Sullivan v. Harnisch

81 A.D.3d 117, 915 N.Y.S.2d 514
CourtAppellate Division of the Supreme Court of the State of New York
DecidedDecember 21, 2010
StatusPublished
Cited by11 cases

This text of 81 A.D.3d 117 (Sullivan v. Harnisch) is published on Counsel Stack Legal Research, covering Appellate Division of the Supreme Court of the State of New York primary law. Counsel Stack provides free access to over 12 million legal documents including statutes, case law, regulations, and constitutions.

Bluebook
Sullivan v. Harnisch, 81 A.D.3d 117, 915 N.Y.S.2d 514 (N.Y. Ct. App. 2010).

Opinion

OPINION OF THE COURT

Nardelli, J.

The principal issue before us is whether an exception to the employment-at-will doctrine should be made for an employee who claims that his discharge violated his firm’s Code of Ethics, because his superior retaliated against him for his internal inquiries into the superior’s illegal trading activity. We hold that in this case such an exception does not exist and, in the absence of a specific contractual provision protecting plaintiff from termination, those causes of action which are founded on his claim that he had an implicit contractual right not to be fired should be dismissed.
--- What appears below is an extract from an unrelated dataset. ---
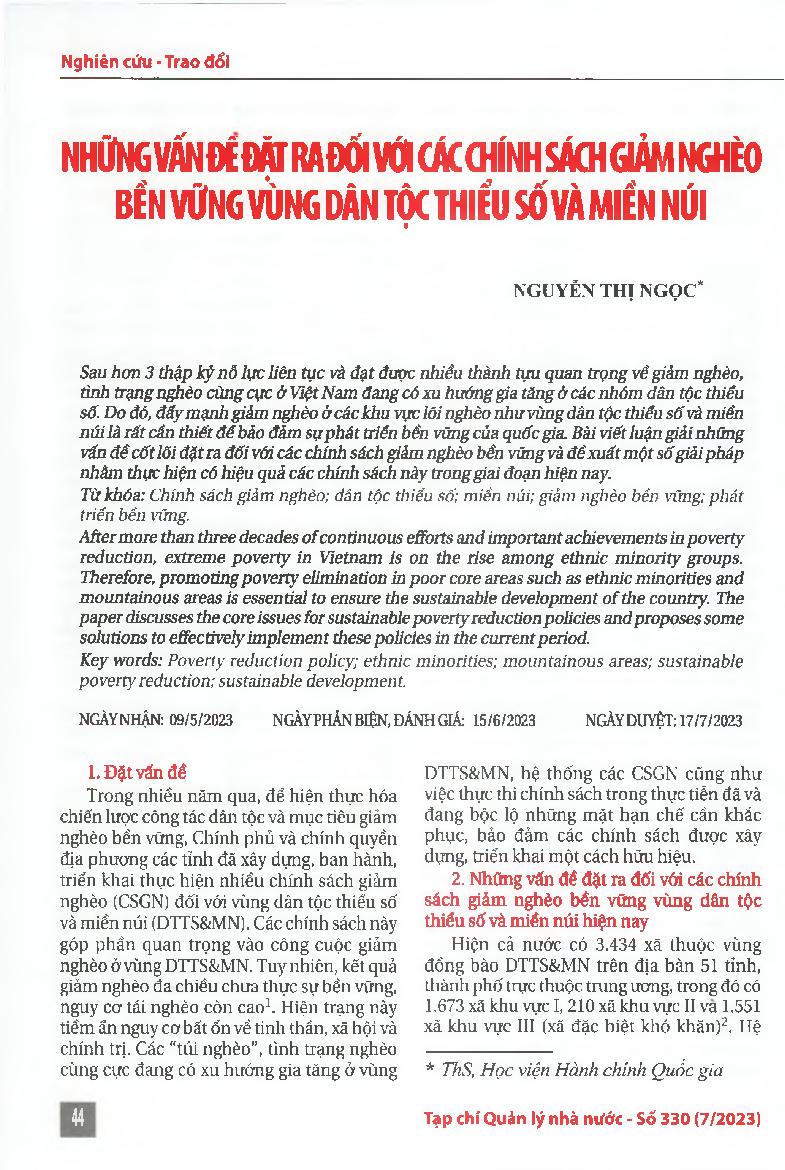 Những vấn đề đặt ra đối với các chính sách giảm nghèo bền vững vùng dân tộc thiểu số và miền núi = Issues facing sustainable poverty reduction policies in ethnic minority and mountainous areas

The corporate defendants, Peconic Partners LLC and Peconic Asset Managers LLC (Peconic), are institutional investment managers and registered investment advisors. Defendant William F. Harnisch is the majority owner and president of both companies, and maintains full management control over them. The business of Peconic is subject to the oversight of the United States Securities and Exchange Commission (SEC). Between September 28, 2008 and October 13, 2008, plaintiff Joseph Sullivan was Peconic’s chief compliance officer (CCO) and chief operating officer, and held a 15% ownership interest in Peconic.
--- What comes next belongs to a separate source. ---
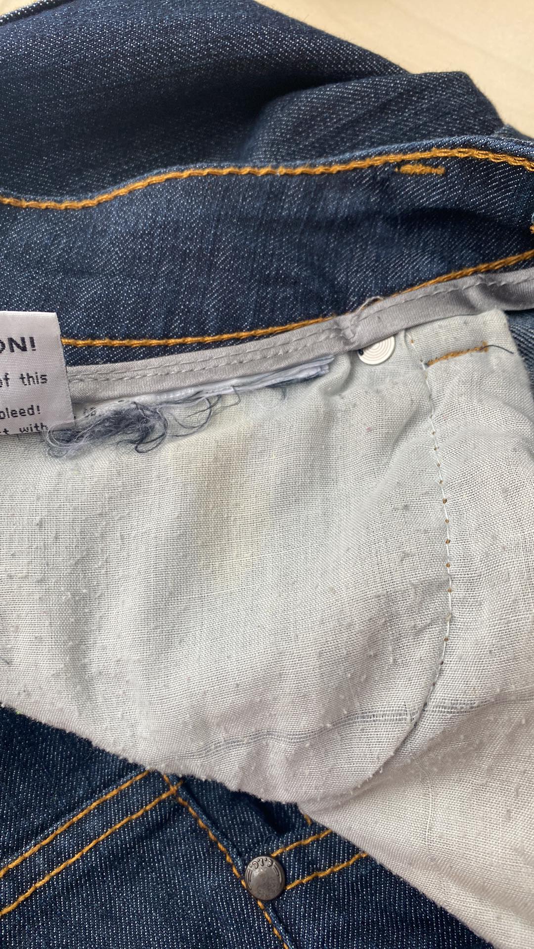 - używane: zabrudzenie oraz zmechacony materiał kieszonka wewnątrz

As mandated by, inter alia, 17 CFR 275.206(4)-7, Peconic maintains a written Code of Ethics which all its employees are required to follow. Section 1.2 of the Code requires the CCO, “on pains of termination,” to “determine” when alerted, whether an employee or member of Peconic has engaged in any Code violation.

Peconic also discloses to its current and prospective clients, and files with the SEC, a document entitled Part II Form ADV which, inter alia, outlines what controls are in place to ensure compliance with state and federal rules and regulations.

Peconic employees are permitted to maintain and manage proprietary securities accounts. All employees, however, are [120]*120required to obtain consent from the CCO before engaging in any trades on their own behalf. Proprietary trading is further restricted by the Form ADV and Code restrictions on taking advantage of investment opportunities that should first be accorded to clients.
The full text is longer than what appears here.